BRIEF. Transcribe the data exactly, omitting whatever pictures it holds.

INPUT FOR THIS TASK.
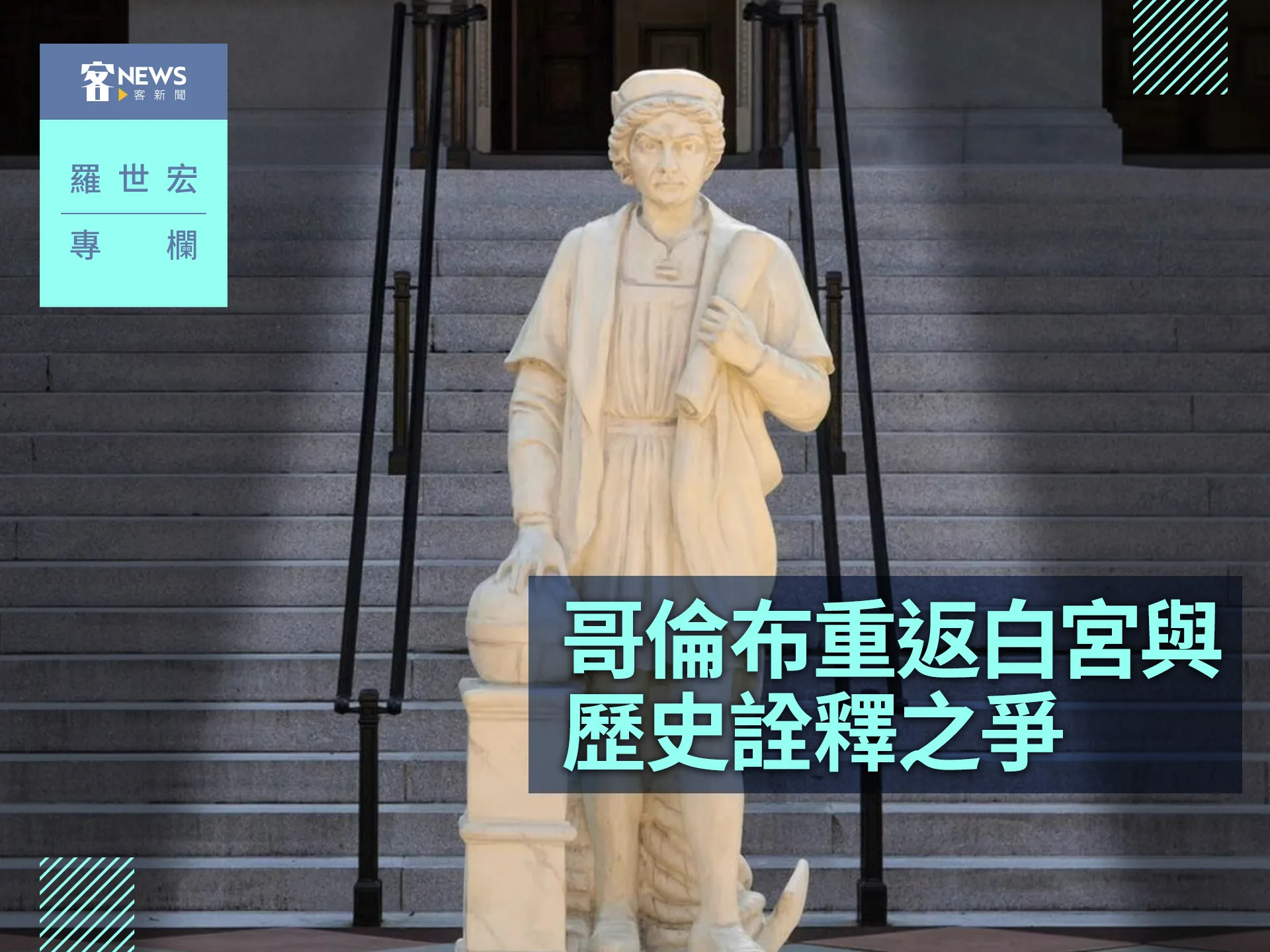 一座曾經被人們破壞並棄置於港灣的雕像,如今以複製品的身分重登白宮草坪此一行動本身,即深具「文化戰爭」的政治意涵。川普稱哥倫布為「美國最初的英雄、西方文明的巨人」,不容以另類史觀否定。
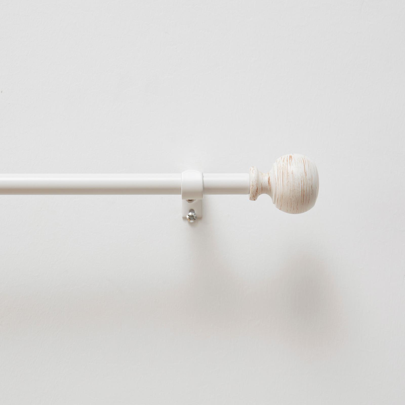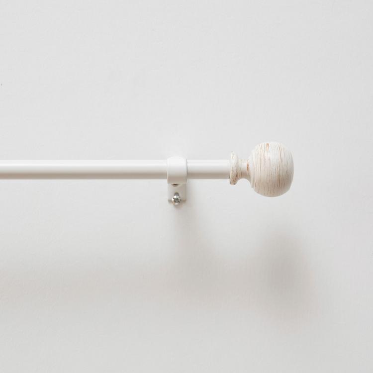 Drape your curtains easily using the Bergen Rod and Finial Set by Martha Stewart. The steel accessory has a washed wood look, lending interest and contrast to your windows. The ball finial finishes this look with a classic touch. Use the included hardware to mount this curtain rod and finial set in a few easy steps.
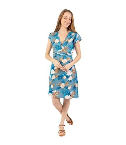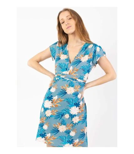Cette très belle robe courte en viscose aux motifs floraux colorés sera facile à porter pour le début de saison. Chic et romantique, on aime l’imprimé de cette robe gris/bleu légère et fluide.Sa coupe ajustée et ses petites manches courtes mettront en valeur votre décolleté et votre silhouette.
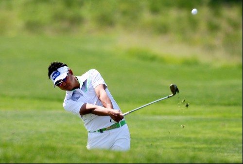 박상현이 4번홀 세컨샷을 하고 있다.
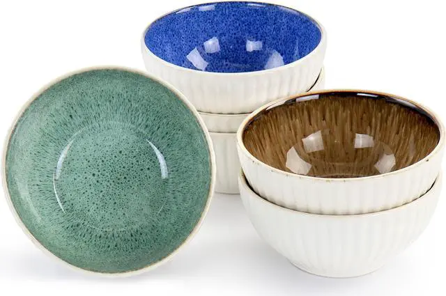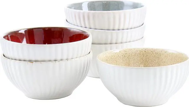 The Laurie Gates Sierra 6 Piece 6.3 Inch Stoneware Bowl Set brings home natural appeal in a large array of deigns. Each dinnerware piece features a unique reactive glaze in six assorted colors. The satisfying embossed stoneware body is made to be durable and easy to hold. Every bowl is dishwasher safe for easy cleaning and microwave safe for fast reheating. Enjoy stylish settings as you eat soups, cereals, and decadent desserts.
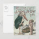 Postal Festiva Querubín ángel cigüeña de año nuevo bebé
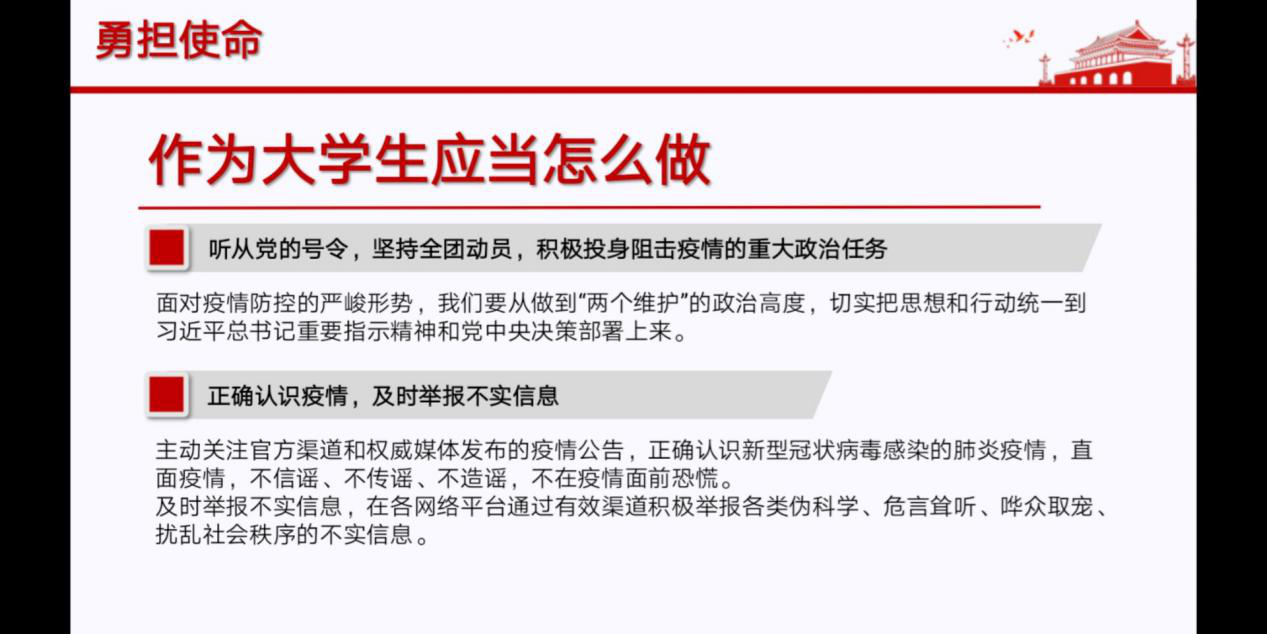 此次班会内容简洁全面,参会同学听讲认真,积极参与互动,班会整体氛围良好。在所有与会人员的共同努力下,此次“众志成城抗疫情,同舟共济渡时艰”主题班会圆满结束。
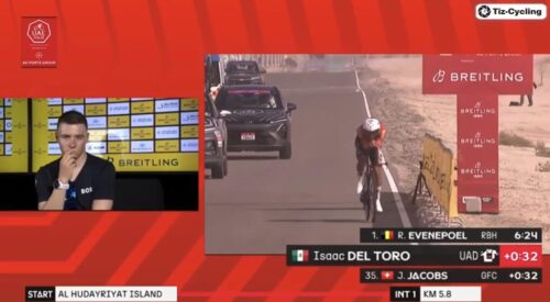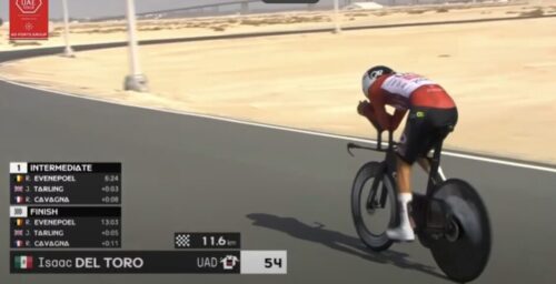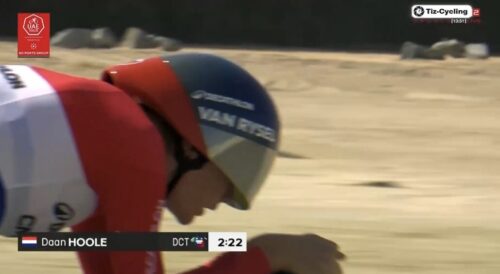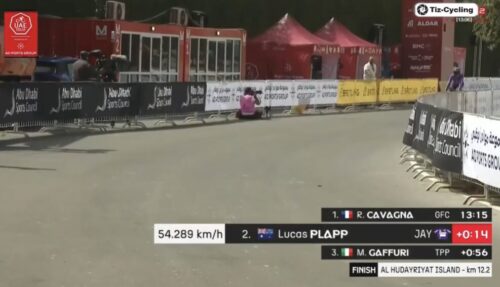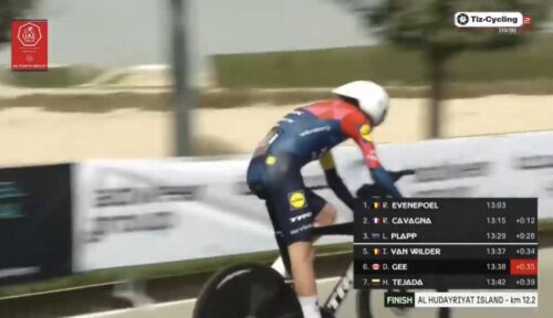 レムコ・エヴェネプールは、レミ・カヴァニャを12秒上回った。av56.1km/h。13分3秒で暫定1位。これは長くホットシートに座りそう。
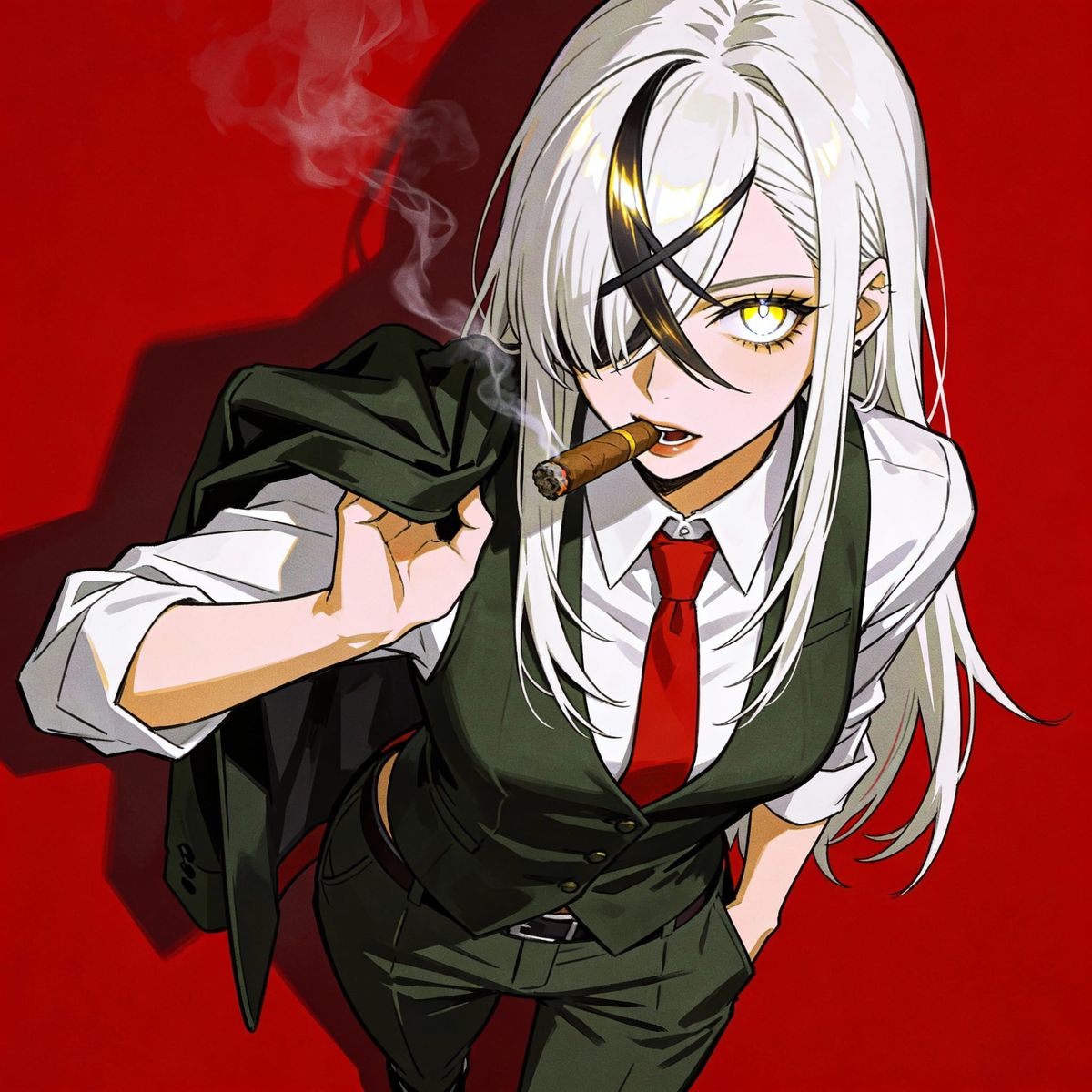 This image features Anya in a detailed Manhwa art style with striking yellow eyes, wearing a white shirt, green vest, and red tie. She is depicted dynamically smoking a cigar, rendered with bold outlines and deep shadows.
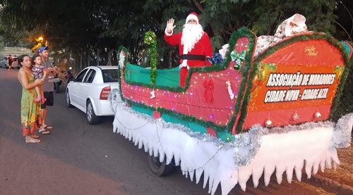 Olha o trenó do Papai Noel montado pela Associação de Moradores do Cidade Nova e Cidade Alta, em Campo Mourão. A chegada do "bom velhino" aconteceu na sexta-feira. Tudo organizado pela comunidade. O trenó passou pelo Moradia Verdes Campos, Cidade Alta 1 e 2, Residencial Arnaldo Bronzel 1 e 2, Forturnato Perdoncini e Cidade Nova. Foram distribuídos 225 quilos de balas.
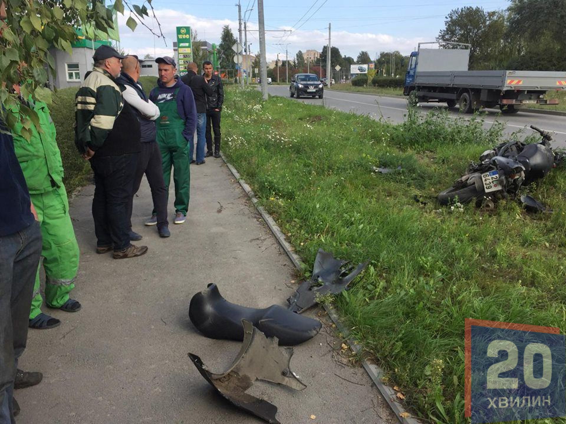 - Мотоцикліст їхав в сторону вулиці Збаразької, з"їхав на узбіччя і вдарився в бардюр, - каже перехожий. - З ним їхав ще пасажир, обоє молоді і без шоломів. Їх забрала швидка, в них ноги поломані і ще багато травм.
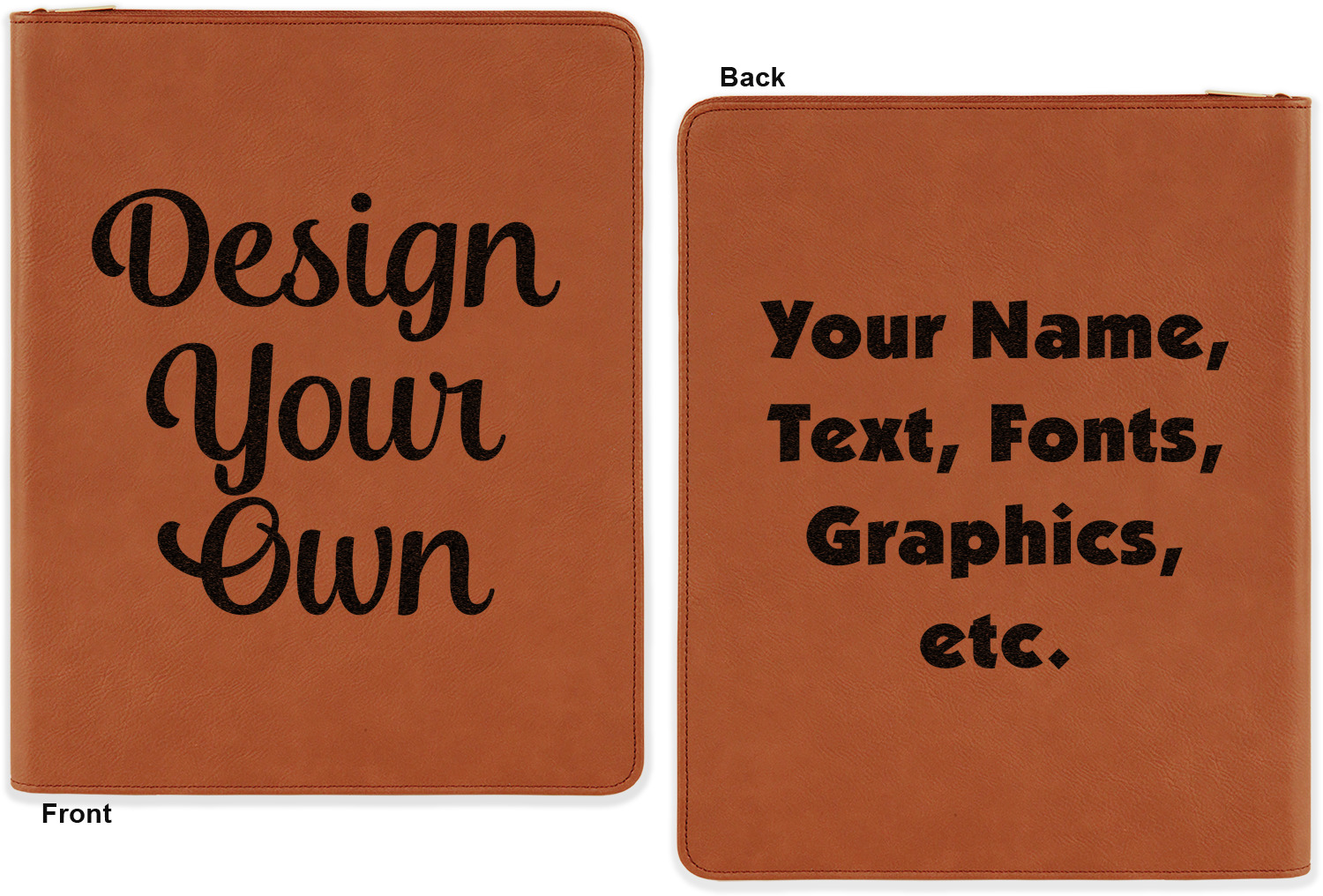 Have fun personalizing the front or the front and back of your portfolio. Choose a fun graphic, monogram, quote, or text to be laser engraved right onto your portfolio.
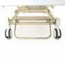 Двойной каркас из высококачественных стальных труб покрыт ударопрочной эмалью. Стойкое покрытие защищает кровать от механических повреждений и позволяет использовать дезинфицирующие средства для очистки поверхности. Изделие выдерживает нагрузку до 250 кг и подходит пациентам любой комплекции. Кровать оснащена прочными самоориентирующимися колёсами с шинами из полиуретана, которые обеспечивают мягкое, бесшумное перемещение и не портят напольное покрытие.
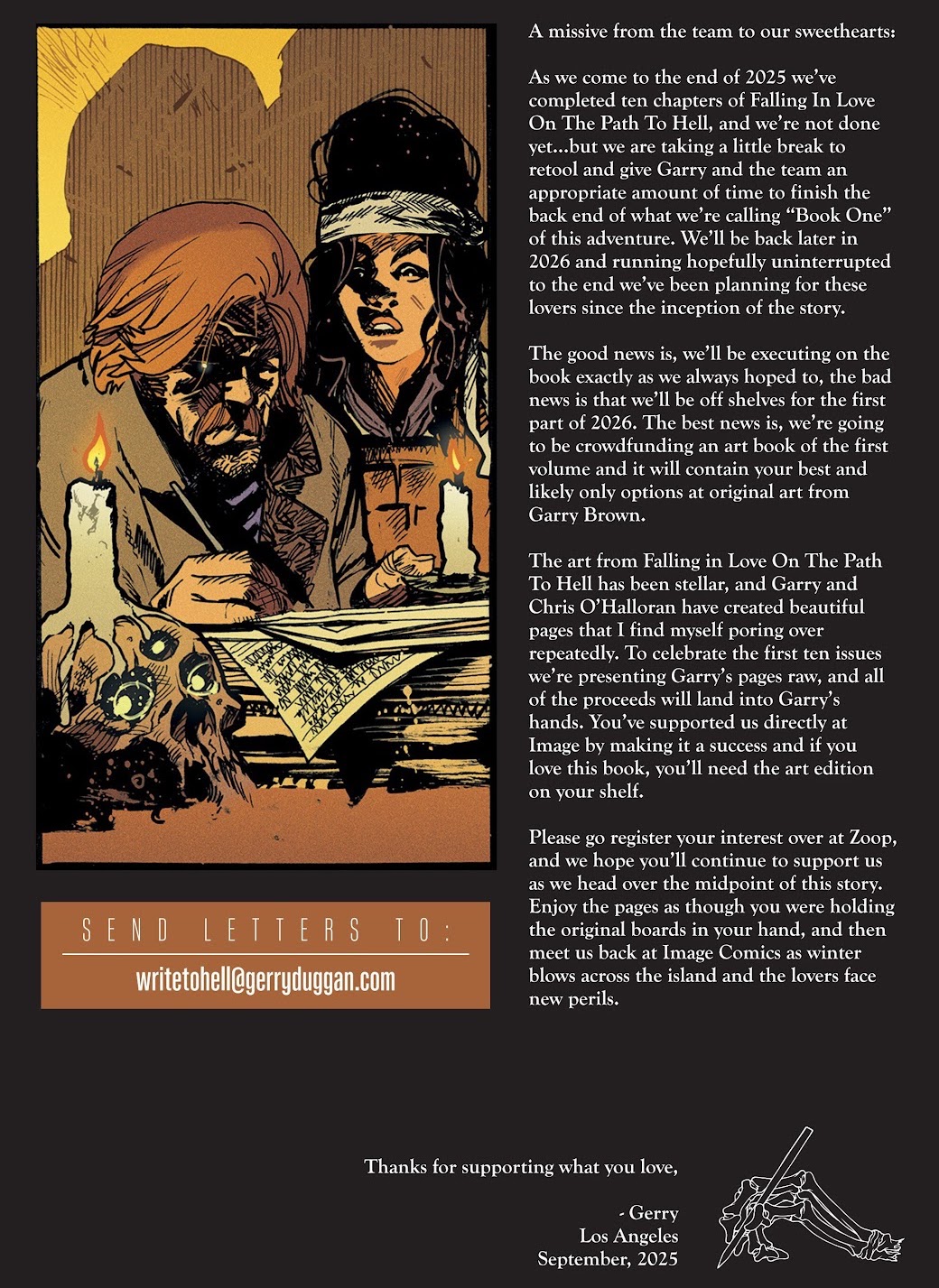 Here's a letter from Gerry Duggan published in the back of October's Falling in Love on the Path to Hell #10 through Image Comics that explains where they are with the series and why now is the perfect time to release this art edition:

ANSWER TO THIS TASK.
 一座曾經被人們破壞並棄置於港灣的雕像,如今以複製品的身分重登白宮草坪此一行動本身,即深具「文化戰爭」的政治意涵。川普稱哥倫布為「美國最初的英雄、西方文明的巨人」,不容以另類史觀否定。
 Drape your curtains easily using the Bergen Rod and Finial Set by Martha Stewart. The steel accessory has a washed wood look, lending interest and contrast to your windows. The ball finial finishes this look with a classic touch. Use the included hardware to mount this curtain rod and finial set in a few easy steps.
Cette très belle robe courte en viscose aux motifs floraux colorés sera facile à porter pour le début de saison. Chic et romantique, on aime l’imprimé de cette robe gris/bleu légère et fluide.Sa coupe ajustée et ses petites manches courtes mettront en valeur votre décolleté et votre silhouette.
 박상현이 4번홀 세컨샷을 하고 있다.
 The Laurie Gates Sierra 6 Piece 6.3 Inch Stoneware Bowl Set brings home natural appeal in a large array of deigns. Each dinnerware piece features a unique reactive glaze in six assorted colors. The satisfying embossed stoneware body is made to be durable and easy to hold. Every bowl is dishwasher safe for easy cleaning and microwave safe for fast reheating. Enjoy stylish settings as you eat soups, cereals, and decadent desserts.
 Postal Festiva Querubín ángel cigüeña de año nuevo bebé
 此次班会内容简洁全面,参会同学听讲认真,积极参与互动,班会整体氛围良好。在所有与会人员的共同努力下,此次“众志成城抗疫情,同舟共济渡时艰”主题班会圆满结束。
 レムコ・エヴェネプールは、レミ・カヴァニャを12秒上回った。av56.1km/h。13分3秒で暫定1位。これは長くホットシートに座りそう。
 This image features Anya in a detailed Manhwa art style with striking yellow eyes, wearing a white shirt, green vest, and red tie. She is depicted dynamically smoking a cigar, rendered with bold outlines and deep shadows.
 Olha o trenó do Papai Noel montado pela Associação de Moradores do Cidade Nova e Cidade Alta, em Campo Mourão. A chegada do "bom velhino" aconteceu na sexta-feira. Tudo organizado pela comunidade. O trenó passou pelo Moradia Verdes Campos, Cidade Alta 1 e 2, Residencial Arnaldo Bronzel 1 e 2, Forturnato Perdoncini e Cidade Nova. Foram distribuídos 225 quilos de balas.
 - Мотоцикліст їхав в сторону вулиці Збаразької, з"їхав на узбіччя і вдарився в бардюр, - каже перехожий. - З ним їхав ще пасажир, обоє молоді і без шоломів. Їх забрала швидка, в них ноги поломані і ще багато травм.
 Have fun personalizing the front or the front and back of your portfolio. Choose a fun graphic, monogram, quote, or text to be laser engraved right onto your portfolio.
 Двойной каркас из высококачественных стальных труб покрыт ударопрочной эмалью. Стойкое покрытие защищает кровать от механических повреждений и позволяет использовать дезинфицирующие средства для очистки поверхности. Изделие выдерживает нагрузку до 250 кг и подходит пациентам любой комплекции. Кровать оснащена прочными самоориентирующимися колёсами с шинами из полиуретана, которые обеспечивают мягкое, бесшумное перемещение и не портят напольное покрытие.
 Here's a letter from Gerry Duggan published in the back of October's Falling in Love on the Path to Hell #10 through Image Comics that explains where they are with the series and why now is the perfect time to release this art edition:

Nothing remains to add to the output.